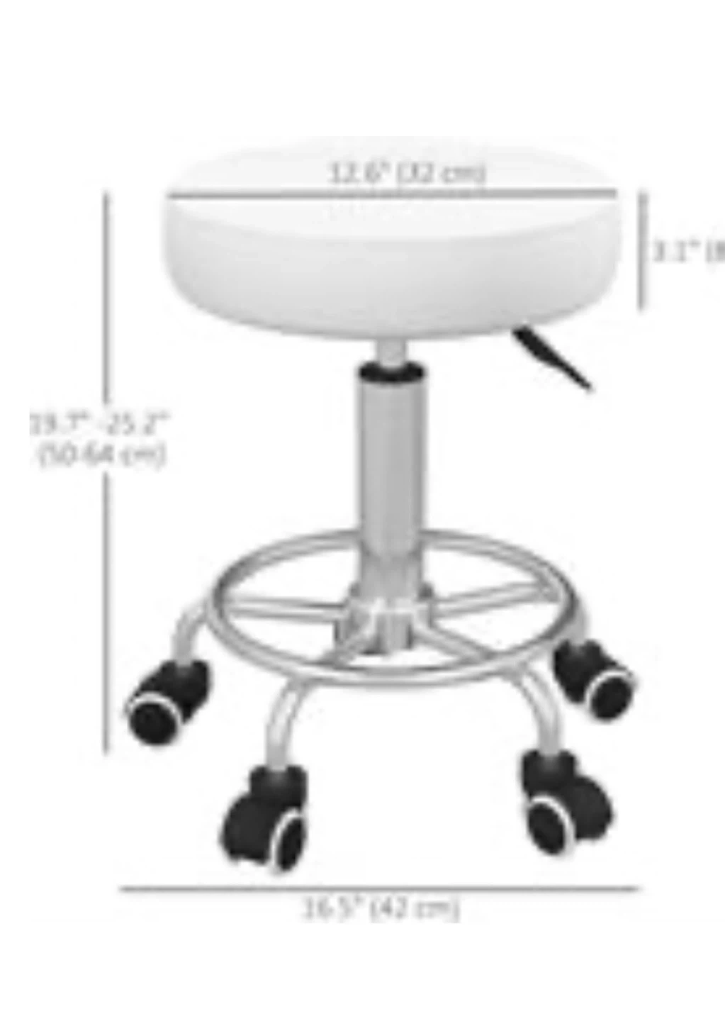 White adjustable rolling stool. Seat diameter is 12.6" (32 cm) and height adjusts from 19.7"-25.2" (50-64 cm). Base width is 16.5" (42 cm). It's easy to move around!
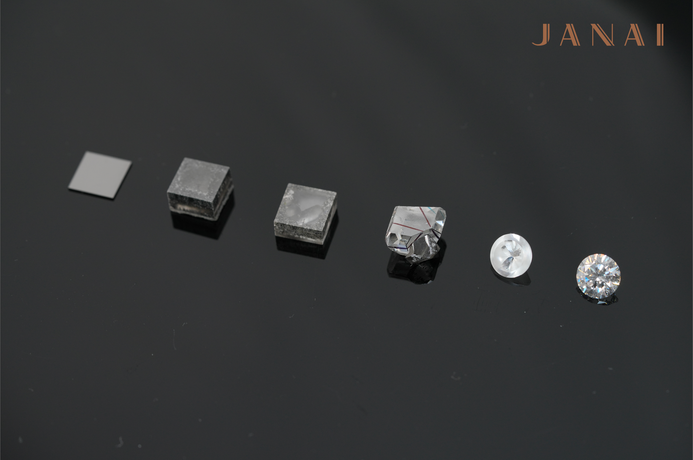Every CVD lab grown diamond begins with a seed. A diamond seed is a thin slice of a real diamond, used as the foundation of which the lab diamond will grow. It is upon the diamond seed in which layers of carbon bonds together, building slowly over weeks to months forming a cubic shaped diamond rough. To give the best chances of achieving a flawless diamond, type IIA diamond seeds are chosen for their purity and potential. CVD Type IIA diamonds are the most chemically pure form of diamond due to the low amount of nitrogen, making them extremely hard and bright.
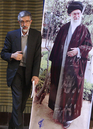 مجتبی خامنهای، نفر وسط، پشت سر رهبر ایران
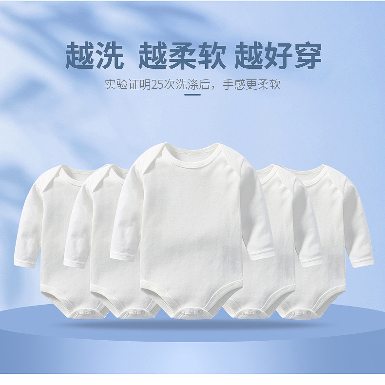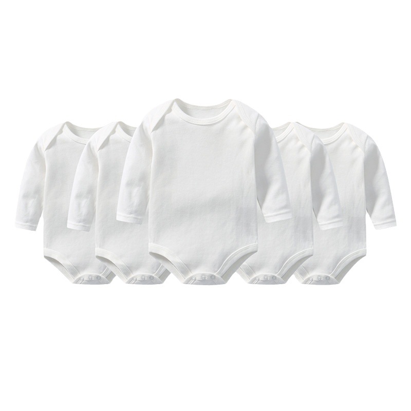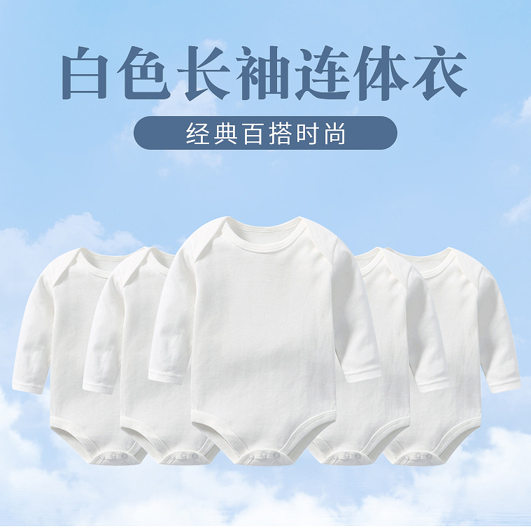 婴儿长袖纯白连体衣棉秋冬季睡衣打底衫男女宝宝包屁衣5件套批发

- **Action item**
This exercise asks for the data above to be given again exactly, without pictures.

- **Task result**
 White adjustable rolling stool. Seat diameter is 12.6" (32 cm) and height adjusts from 19.7"-25.2" (50-64 cm). Base width is 16.5" (42 cm). It's easy to move around!
Every CVD lab grown diamond begins with a seed. A diamond seed is a thin slice of a real diamond, used as the foundation of which the lab diamond will grow. It is upon the diamond seed in which layers of carbon bonds together, building slowly over weeks to months forming a cubic shaped diamond rough. To give the best chances of achieving a flawless diamond, type IIA diamond seeds are chosen for their purity and potential. CVD Type IIA diamonds are the most chemically pure form of diamond due to the low amount of nitrogen, making them extremely hard and bright.
 مجتبی خامنهای، نفر وسط، پشت سر رهبر ایران
 婴儿长袖纯白连体衣棉秋冬季睡衣打底衫男女宝宝包屁衣5件套批发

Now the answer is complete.